- Opening Delimiter -

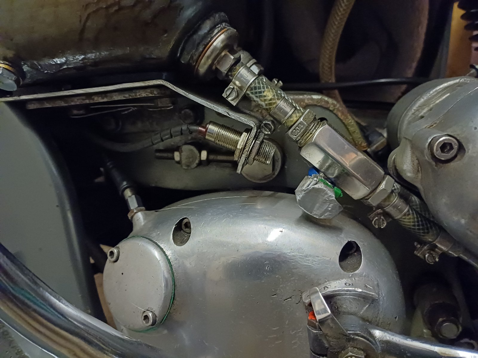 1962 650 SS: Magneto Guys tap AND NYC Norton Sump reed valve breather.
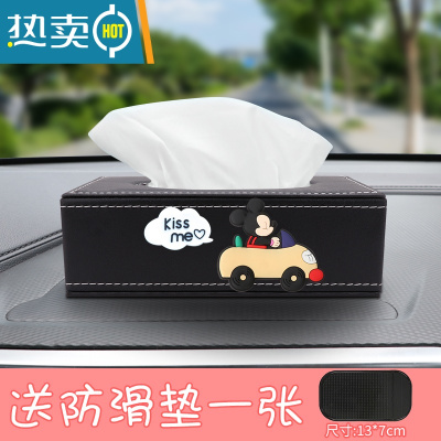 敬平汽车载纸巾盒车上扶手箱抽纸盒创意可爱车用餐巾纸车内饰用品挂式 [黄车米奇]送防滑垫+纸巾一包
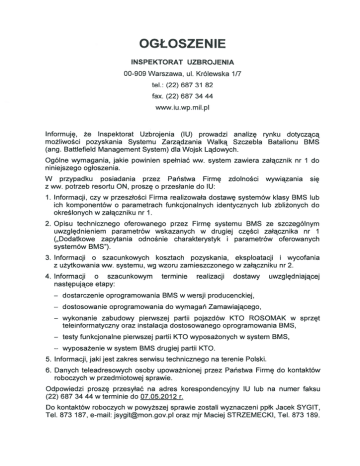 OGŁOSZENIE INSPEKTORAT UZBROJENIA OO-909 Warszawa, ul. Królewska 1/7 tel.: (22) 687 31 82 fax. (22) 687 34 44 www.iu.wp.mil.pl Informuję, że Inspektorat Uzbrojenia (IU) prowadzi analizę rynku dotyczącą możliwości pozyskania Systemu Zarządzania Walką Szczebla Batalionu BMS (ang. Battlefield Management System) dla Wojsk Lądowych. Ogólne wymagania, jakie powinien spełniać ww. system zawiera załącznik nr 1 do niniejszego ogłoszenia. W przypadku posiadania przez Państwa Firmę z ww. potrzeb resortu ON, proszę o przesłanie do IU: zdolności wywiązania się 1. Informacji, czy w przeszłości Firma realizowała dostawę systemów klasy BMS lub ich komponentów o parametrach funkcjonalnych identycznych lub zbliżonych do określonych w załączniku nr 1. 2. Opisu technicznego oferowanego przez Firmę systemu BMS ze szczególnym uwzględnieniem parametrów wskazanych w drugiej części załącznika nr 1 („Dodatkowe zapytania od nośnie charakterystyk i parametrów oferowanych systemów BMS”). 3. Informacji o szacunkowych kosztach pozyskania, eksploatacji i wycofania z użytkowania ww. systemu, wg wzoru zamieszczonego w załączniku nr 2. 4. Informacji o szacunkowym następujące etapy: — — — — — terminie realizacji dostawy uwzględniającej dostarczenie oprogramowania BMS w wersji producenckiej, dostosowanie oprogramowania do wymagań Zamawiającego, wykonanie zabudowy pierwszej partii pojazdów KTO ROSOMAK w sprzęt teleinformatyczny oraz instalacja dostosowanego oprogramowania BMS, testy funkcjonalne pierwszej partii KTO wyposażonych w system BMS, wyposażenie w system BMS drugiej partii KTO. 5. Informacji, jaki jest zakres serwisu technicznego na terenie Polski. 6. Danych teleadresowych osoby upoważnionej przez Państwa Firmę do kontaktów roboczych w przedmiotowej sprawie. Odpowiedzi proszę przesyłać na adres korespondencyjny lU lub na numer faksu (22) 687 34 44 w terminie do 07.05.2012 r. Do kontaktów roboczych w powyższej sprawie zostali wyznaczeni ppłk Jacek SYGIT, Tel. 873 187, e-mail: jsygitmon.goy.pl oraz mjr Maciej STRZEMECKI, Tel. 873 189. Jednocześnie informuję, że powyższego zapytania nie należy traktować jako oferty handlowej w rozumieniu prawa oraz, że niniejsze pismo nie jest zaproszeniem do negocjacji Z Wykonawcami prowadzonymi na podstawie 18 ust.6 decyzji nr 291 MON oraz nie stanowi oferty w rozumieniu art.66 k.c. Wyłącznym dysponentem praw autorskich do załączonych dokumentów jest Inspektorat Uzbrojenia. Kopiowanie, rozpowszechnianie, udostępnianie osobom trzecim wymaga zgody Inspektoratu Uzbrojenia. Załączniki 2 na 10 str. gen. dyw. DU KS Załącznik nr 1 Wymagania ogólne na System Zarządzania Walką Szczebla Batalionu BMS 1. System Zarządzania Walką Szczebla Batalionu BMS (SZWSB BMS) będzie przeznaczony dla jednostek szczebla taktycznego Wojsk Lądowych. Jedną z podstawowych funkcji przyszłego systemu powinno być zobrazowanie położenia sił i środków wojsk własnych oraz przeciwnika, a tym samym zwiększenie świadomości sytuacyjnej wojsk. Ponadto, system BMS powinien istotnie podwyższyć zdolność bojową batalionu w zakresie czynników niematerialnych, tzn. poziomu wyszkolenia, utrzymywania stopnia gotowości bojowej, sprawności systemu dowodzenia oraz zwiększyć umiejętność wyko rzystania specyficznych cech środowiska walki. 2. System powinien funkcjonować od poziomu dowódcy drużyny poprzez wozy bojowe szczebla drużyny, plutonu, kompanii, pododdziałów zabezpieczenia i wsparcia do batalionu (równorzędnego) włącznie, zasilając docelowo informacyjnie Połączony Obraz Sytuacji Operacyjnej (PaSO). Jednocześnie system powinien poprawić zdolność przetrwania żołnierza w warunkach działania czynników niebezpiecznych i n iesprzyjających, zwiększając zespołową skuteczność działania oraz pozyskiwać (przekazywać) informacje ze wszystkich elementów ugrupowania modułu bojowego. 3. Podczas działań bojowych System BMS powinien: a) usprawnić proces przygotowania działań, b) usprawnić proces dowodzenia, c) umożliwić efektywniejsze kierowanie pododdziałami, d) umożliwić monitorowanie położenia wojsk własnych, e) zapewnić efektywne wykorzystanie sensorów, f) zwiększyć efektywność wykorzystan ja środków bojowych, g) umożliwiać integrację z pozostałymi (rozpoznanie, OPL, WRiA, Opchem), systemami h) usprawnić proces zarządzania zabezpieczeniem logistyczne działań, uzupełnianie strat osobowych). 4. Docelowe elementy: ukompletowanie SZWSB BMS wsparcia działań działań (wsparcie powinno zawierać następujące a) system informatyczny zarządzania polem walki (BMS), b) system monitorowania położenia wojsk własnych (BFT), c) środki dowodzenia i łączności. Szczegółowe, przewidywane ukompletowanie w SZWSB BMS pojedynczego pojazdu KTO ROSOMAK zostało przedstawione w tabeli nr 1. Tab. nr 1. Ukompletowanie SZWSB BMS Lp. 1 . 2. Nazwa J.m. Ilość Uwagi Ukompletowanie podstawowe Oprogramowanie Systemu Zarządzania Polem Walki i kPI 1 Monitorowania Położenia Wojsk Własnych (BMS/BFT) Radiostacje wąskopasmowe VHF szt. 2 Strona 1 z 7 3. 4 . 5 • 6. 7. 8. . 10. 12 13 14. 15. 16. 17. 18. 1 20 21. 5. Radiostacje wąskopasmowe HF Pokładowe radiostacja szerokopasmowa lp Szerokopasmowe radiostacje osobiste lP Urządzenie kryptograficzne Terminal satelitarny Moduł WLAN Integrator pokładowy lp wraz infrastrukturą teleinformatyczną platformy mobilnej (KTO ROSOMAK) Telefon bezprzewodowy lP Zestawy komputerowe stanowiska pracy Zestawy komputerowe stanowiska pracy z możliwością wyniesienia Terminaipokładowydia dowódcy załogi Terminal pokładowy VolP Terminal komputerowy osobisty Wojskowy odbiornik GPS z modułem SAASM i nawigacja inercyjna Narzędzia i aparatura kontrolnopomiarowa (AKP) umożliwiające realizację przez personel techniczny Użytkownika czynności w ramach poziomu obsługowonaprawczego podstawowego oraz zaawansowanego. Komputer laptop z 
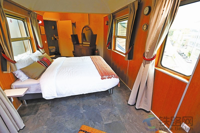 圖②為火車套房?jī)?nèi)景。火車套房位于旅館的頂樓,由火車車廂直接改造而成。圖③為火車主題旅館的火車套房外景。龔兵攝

- Closing Delimiter -

Task instructions:
Give the listing again word for word. Skip every image.

Your response:
 1962 650 SS: Magneto Guys tap AND NYC Norton Sump reed valve breather.
 敬平汽车载纸巾盒车上扶手箱抽纸盒创意可爱车用餐巾纸车内饰用品挂式 [黄车米奇]送防滑垫+纸巾一包
 OGŁOSZENIE INSPEKTORAT UZBROJENIA OO-909 Warszawa, ul. Królewska 1/7 tel.: (22) 687 31 82 fax. (22) 687 34 44 www.iu.wp.mil.pl Informuję, że Inspektorat Uzbrojenia (IU) prowadzi analizę rynku dotyczącą możliwości pozyskania Systemu Zarządzania Walką Szczebla Batalionu BMS (ang. Battlefield Management System) dla Wojsk Lądowych. Ogólne wymagania, jakie powinien spełniać ww. system zawiera załącznik nr 1 do niniejszego ogłoszenia. W przypadku posiadania przez Państwa Firmę z ww. potrzeb resortu ON, proszę o przesłanie do IU: zdolności wywiązania się 1. Informacji, czy w przeszłości Firma realizowała dostawę systemów klasy BMS lub ich komponentów o parametrach funkcjonalnych identycznych lub zbliżonych do określonych w załączniku nr 1. 2. Opisu technicznego oferowanego przez Firmę systemu BMS ze szczególnym uwzględnieniem parametrów wskazanych w drugiej części załącznika nr 1 („Dodatkowe zapytania od nośnie charakterystyk i parametrów oferowanych systemów BMS”). 3. Informacji o szacunkowych kosztach pozyskania, eksploatacji i wycofania z użytkowania ww. systemu, wg wzoru zamieszczonego w załączniku nr 2. 4. Informacji o szacunkowym następujące etapy: — — — — — terminie realizacji dostawy uwzględniającej dostarczenie oprogramowania BMS w wersji producenckiej, dostosowanie oprogramowania do wymagań Zamawiającego, wykonanie zabudowy pierwszej partii pojazdów KTO ROSOMAK w sprzęt teleinformatyczny oraz instalacja dostosowanego oprogramowania BMS, testy funkcjonalne pierwszej partii KTO wyposażonych w system BMS, wyposażenie w system BMS drugiej partii KTO. 5. Informacji, jaki jest zakres serwisu technicznego na terenie Polski. 6. Danych teleadresowych osoby upoważnionej przez Państwa Firmę do kontaktów roboczych w przedmiotowej sprawie. Odpowiedzi proszę przesyłać na adres korespondencyjny lU lub na numer faksu (22) 687 34 44 w terminie do 07.05.2012 r. Do kontaktów roboczych w powyższej sprawie zostali wyznaczeni ppłk Jacek SYGIT, Tel. 873 187, e-mail: jsygitmon.goy.pl oraz mjr Maciej STRZEMECKI, Tel. 873 189. Jednocześnie informuję, że powyższego zapytania nie należy traktować jako oferty handlowej w rozumieniu prawa oraz, że niniejsze pismo nie jest zaproszeniem do negocjacji Z Wykonawcami prowadzonymi na podstawie 18 ust.6 decyzji nr 291 MON oraz nie stanowi oferty w rozumieniu art.66 k.c. Wyłącznym dysponentem praw autorskich do załączonych dokumentów jest Inspektorat Uzbrojenia. Kopiowanie, rozpowszechnianie, udostępnianie osobom trzecim wymaga zgody Inspektoratu Uzbrojenia. Załączniki 2 na 10 str. gen. dyw. DU KS Załącznik nr 1 Wymagania ogólne na System Zarządzania Walką Szczebla Batalionu BMS 1. System Zarządzania Walką Szczebla Batalionu BMS (SZWSB BMS) będzie przeznaczony dla jednostek szczebla taktycznego Wojsk Lądowych. Jedną z podstawowych funkcji przyszłego systemu powinno być zobrazowanie położenia sił i środków wojsk własnych oraz przeciwnika, a tym samym zwiększenie świadomości sytuacyjnej wojsk. Ponadto, system BMS powinien istotnie podwyższyć zdolność bojową batalionu w zakresie czynników niematerialnych, tzn. poziomu wyszkolenia, utrzymywania stopnia gotowości bojowej, sprawności systemu dowodzenia oraz zwiększyć umiejętność wyko rzystania specyficznych cech środowiska walki. 2. System powinien funkcjonować od poziomu dowódcy drużyny poprzez wozy bojowe szczebla drużyny, plutonu, kompanii, pododdziałów zabezpieczenia i wsparcia do batalionu (równorzędnego) włącznie, zasilając docelowo informacyjnie Połączony Obraz Sytuacji Operacyjnej (PaSO). Jednocześnie system powinien poprawić zdolność przetrwania żołnierza w warunkach działania czynników niebezpiecznych i n iesprzyjających, zwiększając zespołową skuteczność działania oraz pozyskiwać (przekazywać) informacje ze wszystkich elementów ugrupowania modułu bojowego. 3. Podczas działań bojowych System BMS powinien: a) usprawnić proces przygotowania działań, b) usprawnić proces dowodzenia, c) umożliwić efektywniejsze kierowanie pododdziałami, d) umożliwić monitorowanie położenia wojsk własnych, e) zapewnić efektywne wykorzystanie sensorów, f) zwiększyć efektywność wykorzystan ja środków bojowych, g) umożliwiać integrację z pozostałymi (rozpoznanie, OPL, WRiA, Opchem), systemami h) usprawnić proces zarządzania zabezpieczeniem logistyczne działań, uzupełnianie strat osobowych). 4. Docelowe elementy: ukompletowanie SZWSB BMS wsparcia działań działań (wsparcie powinno zawierać następujące a) system informatyczny zarządzania polem walki (BMS), b) system monitorowania położenia wojsk własnych (BFT), c) środki dowodzenia i łączności. Szczegółowe, przewidywane ukompletowanie w SZWSB BMS pojedynczego pojazdu KTO ROSOMAK zostało przedstawione w tabeli nr 1. Tab. nr 1. Ukompletowanie SZWSB BMS Lp. 1 . 2. Nazwa J.m. Ilość Uwagi Ukompletowanie podstawowe Oprogramowanie Systemu Zarządzania Polem Walki i kPI 1 Monitorowania Położenia Wojsk Własnych (BMS/BFT) Radiostacje wąskopasmowe VHF szt. 2 Strona 1 z 7 3. 4 . 5 • 6. 7. 8. . 10. 12 13 14. 15. 16. 17. 18. 1 20 21. 5. Radiostacje wąskopasmowe HF Pokładowe radiostacja szerokopasmowa lp Szerokopasmowe radiostacje osobiste lP Urządzenie kryptograficzne Terminal satelitarny Moduł WLAN Integrator pokładowy lp wraz infrastrukturą teleinformatyczną platformy mobilnej (KTO ROSOMAK) Telefon bezprzewodowy lP Zestawy komputerowe stanowiska pracy Zestawy komputerowe stanowiska pracy z możliwością wyniesienia Terminaipokładowydia dowódcy załogi Terminal pokładowy VolP Terminal komputerowy osobisty Wojskowy odbiornik GPS z modułem SAASM i nawigacja inercyjna Narzędzia i aparatura kontrolnopomiarowa (AKP) umożliwiające realizację przez personel techniczny Użytkownika czynności w ramach poziomu obsługowonaprawczego podstawowego oraz zaawansowanego. Komputer laptop z 
 圖②為火車套房?jī)?nèi)景。火車套房位于旅館的頂樓,由火車車廂直接改造而成。圖③為火車主題旅館的火車套房外景。龔兵攝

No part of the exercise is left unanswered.